WHAT YOU WILL DO: Exactly the lines from the line that has "그리고 저 스스로도 왜" through the final line below are to be retyped, and the pictures are not.

(Beginning of PROVIDED RECORDS)

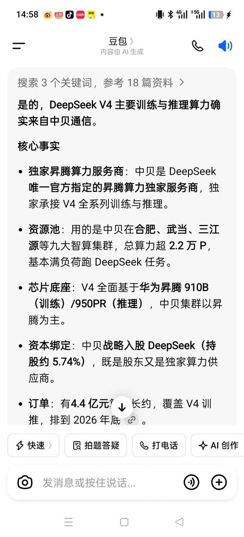 $中贝通信(SH603220)$中贝通信的核心战略伙伴实为DeepSeek(深度求索),其合作深度远超一般业务往来,主要体现在以下方面: ·互为战略股东:中贝通信通过子公司投资8000万元入股DeepSeek,共持有约5.74%的股份,完成“股权绑定”。 ·独家算力服务商:中贝通信是DeepSeek在A股的独家昇腾算力服务商及官方训推一体机独家合作方,负责将武当、三江源等多个智算集群用于DeepS...
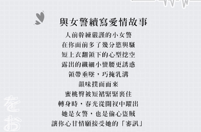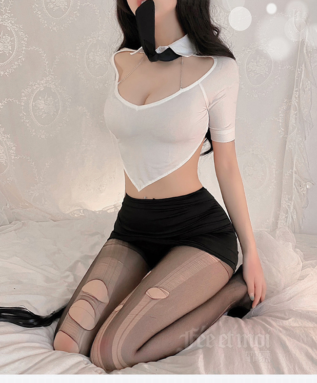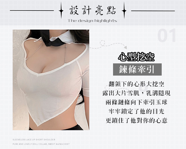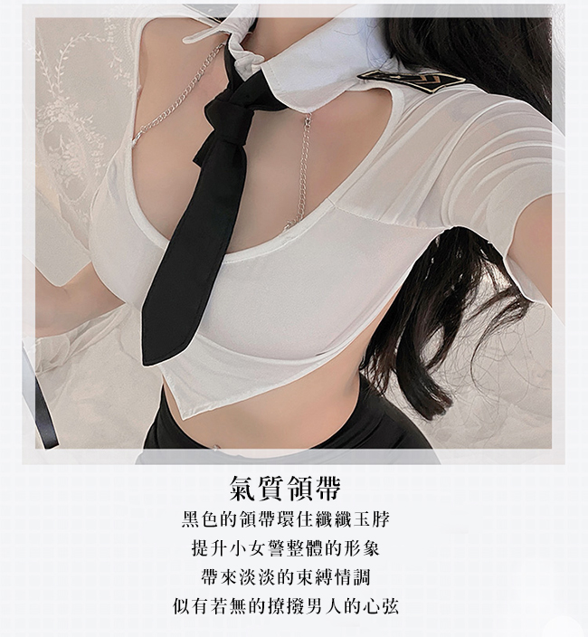 ►您現在的位置:首頁>女警角色扮演服!氣質領帶心型挖空鏈條牽引後開衩短裙六件式套裝-含可撕絲襪
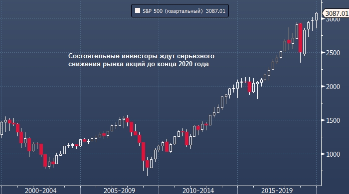 Из результатов опроса UBS следует, что 80% респондентов ждут роста волатильности, а 55% прогнозируют серьезное снижение рынка акций, которое произойдет до конца 2020 года. 60% респондентов подумывают о дальнейшем увеличении доли наличных в портфеле, а 62% планируют в целях диверсификации распылить капитал по различным классам активов.
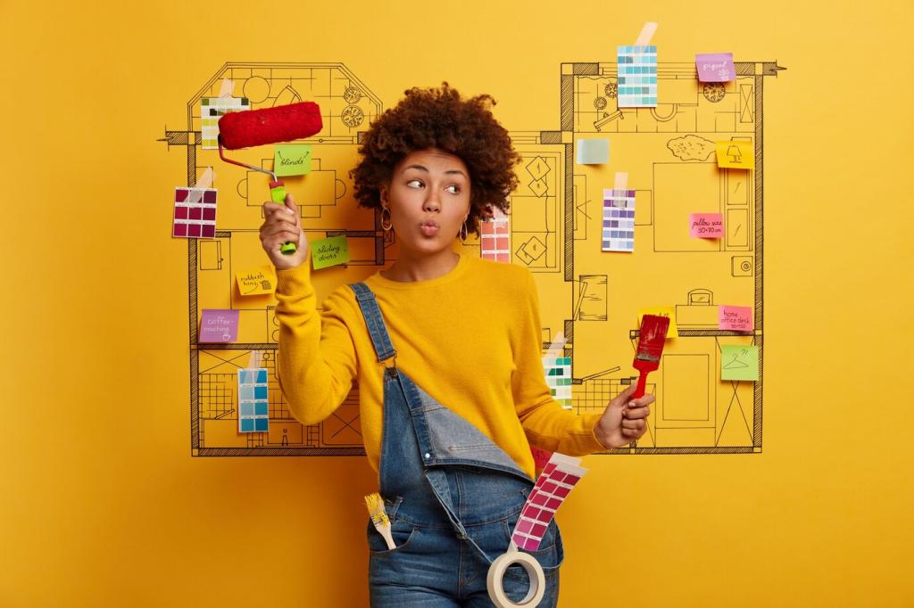 Wähle zwei Haupttöne und einen Akzent, um Streuverluste zu vermeiden. Restposten aus dem Baumarkt können echte Schnäppchen sein. Verrate deine Lieblingspalette, und wir schicken dir drei günstige Musterkombinationen zum Ausprobieren.
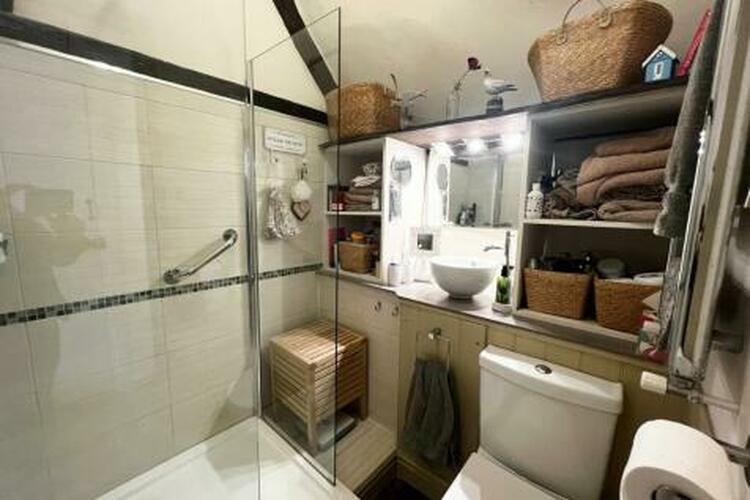 Bespoke fitted unit with shelving, lighting, mirror and freestanding bowl basin and mixer tap, WC, walk-in double shower enclosure, chromed heated towel rail, original exposed beams.
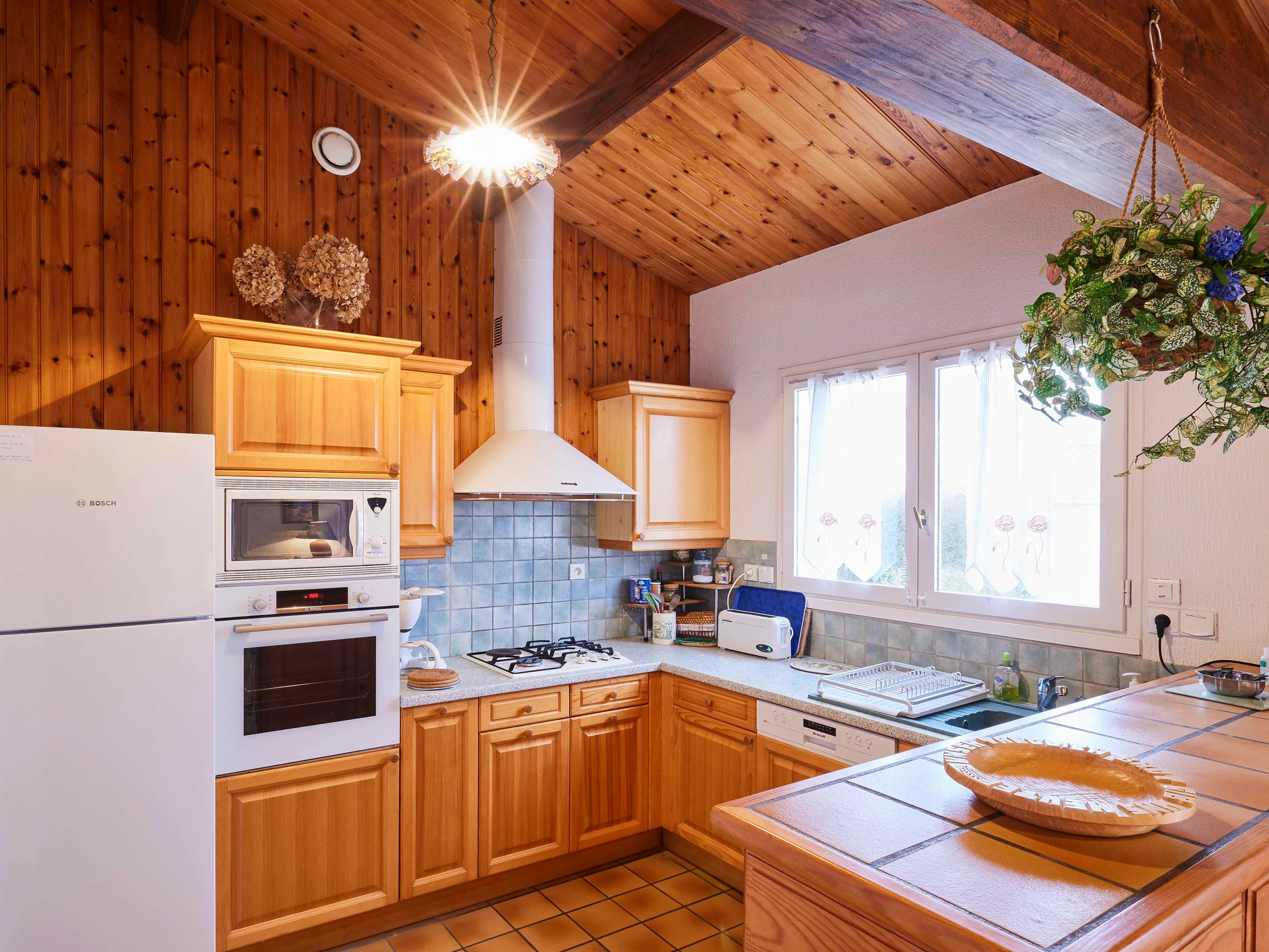 - Salón-comedor y cocina abierta: pequeña sala de TV, sofá (2024), gran mesa de comedor, cocina totalmente equipada (horno, lavavajillas, microondas, cafetera, frigorífico/congelador y despensa con lavadora).
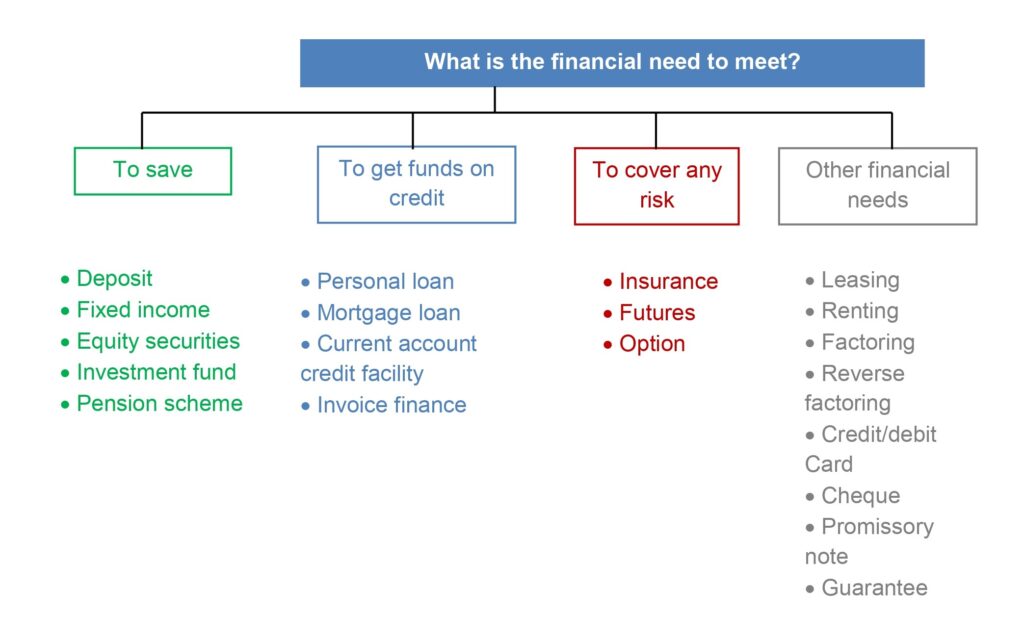 The different categories of financial products can be determined according to the needs they meet, as established in the following diagram:
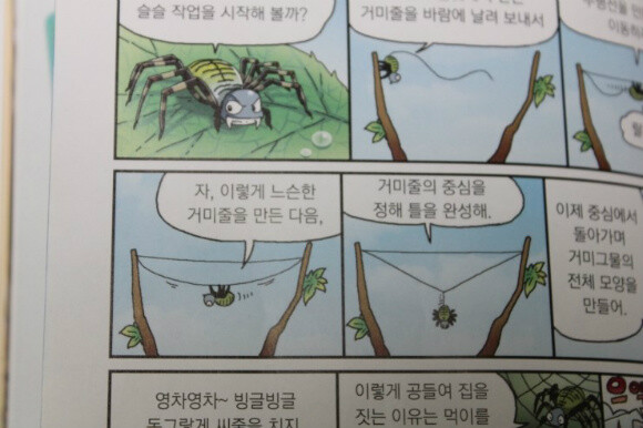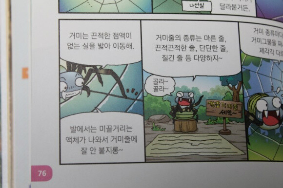 그리고 저 스스로도 왜 거미는 거미줄에 안 붙는지 궁금했는데 이번 만화에서 그 궁금증이 싸악~
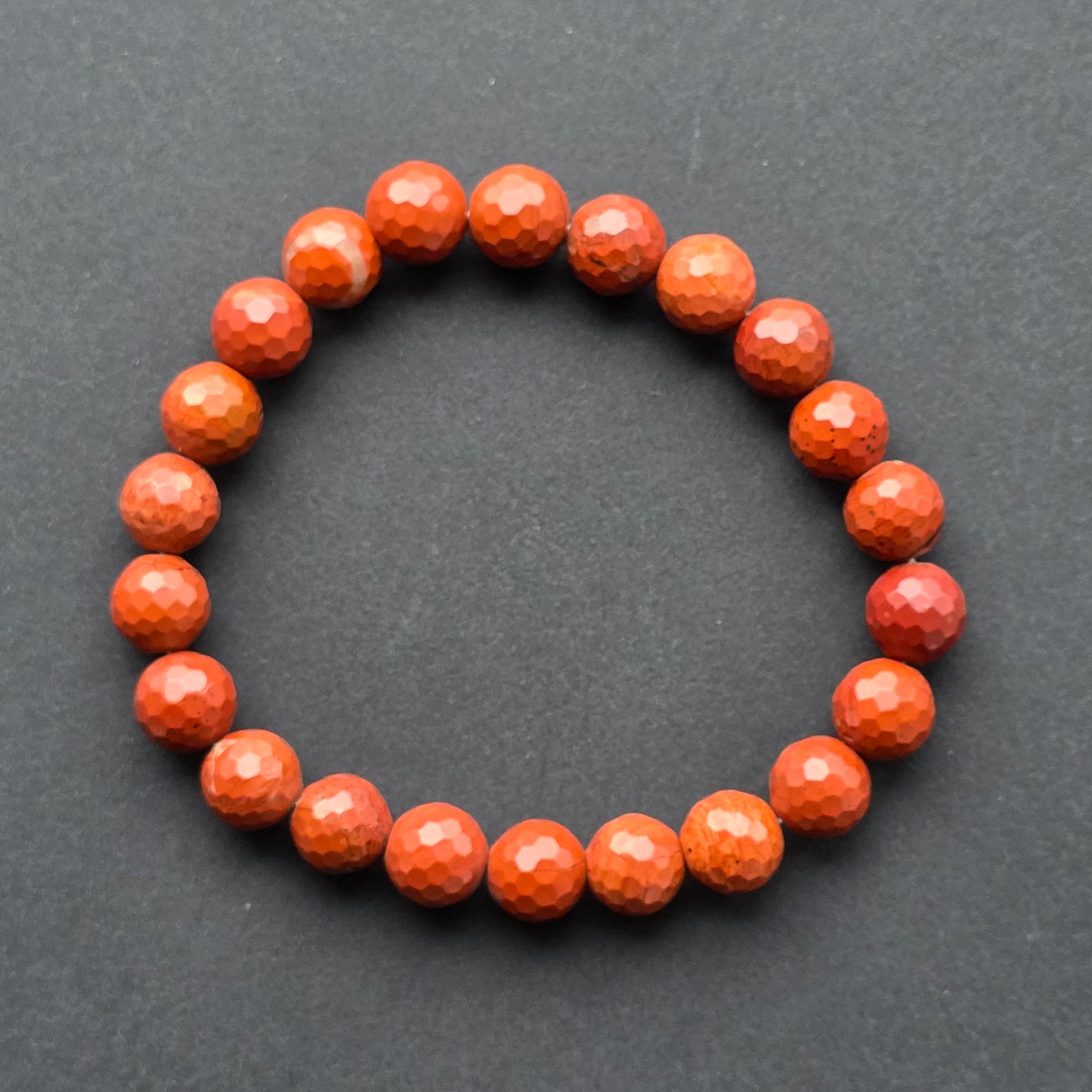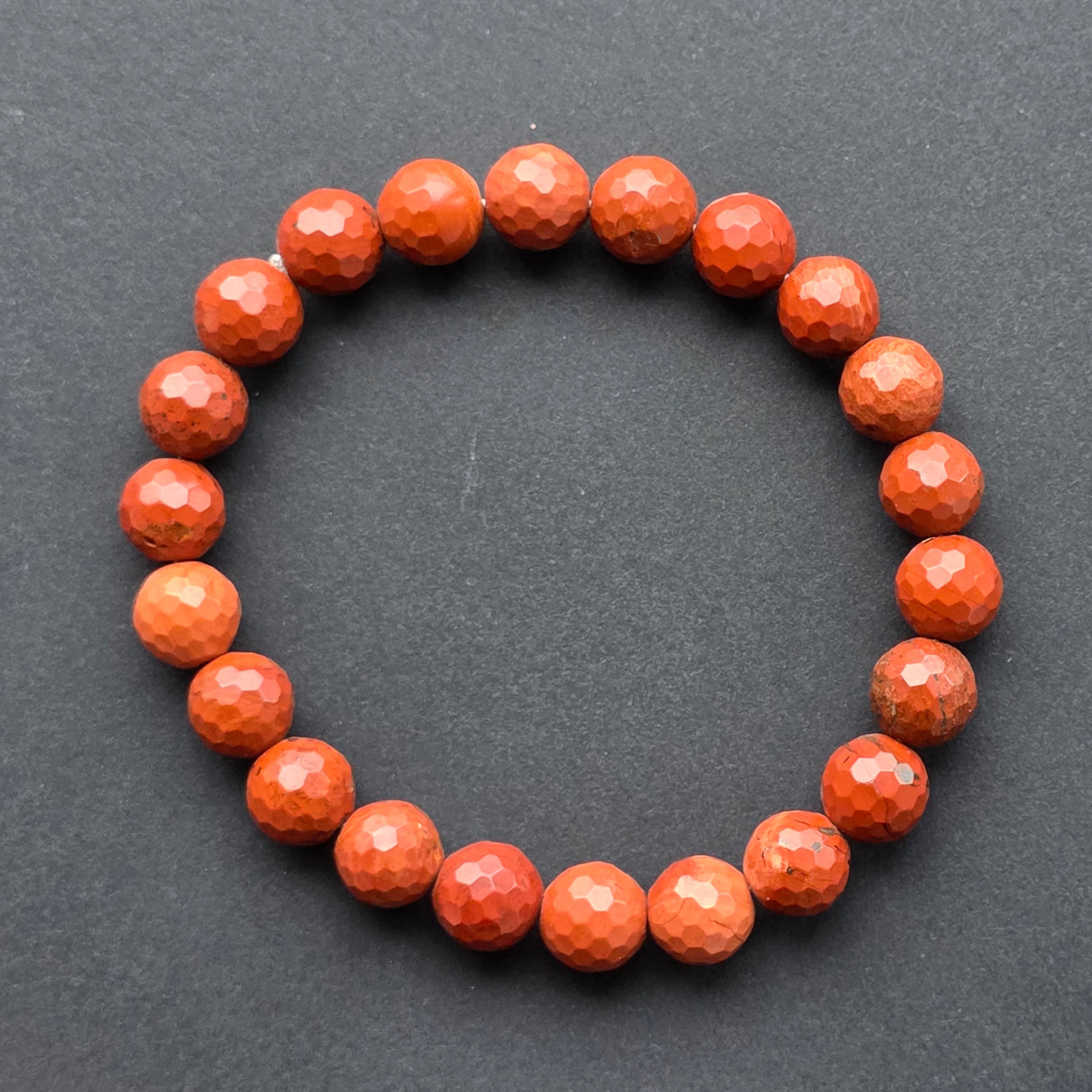 Brățara din jasp roșu este o piesă cu prezență puternică, caldă, plină de caracter. Mărgelele mari, fațetate, surprind lumina în scântei subtile, păstrând totuși acea textură mată și profundă specifică jaspului — o piatră cunoscută pentru naturalețea și robustețea ei.

(End of PROVIDED RECORDS)

TASK ANSWER:
 그리고 저 스스로도 왜 거미는 거미줄에 안 붙는지 궁금했는데 이번 만화에서 그 궁금증이 싸악~
 Brățara din jasp roșu este o piesă cu prezență puternică, caldă, plină de caracter. Mărgelele mari, fațetate, surprind lumina în scântei subtile, păstrând totuși acea textură mată și profundă specifică jaspului — o piatră cunoscută pentru naturalețea și robustețea ei.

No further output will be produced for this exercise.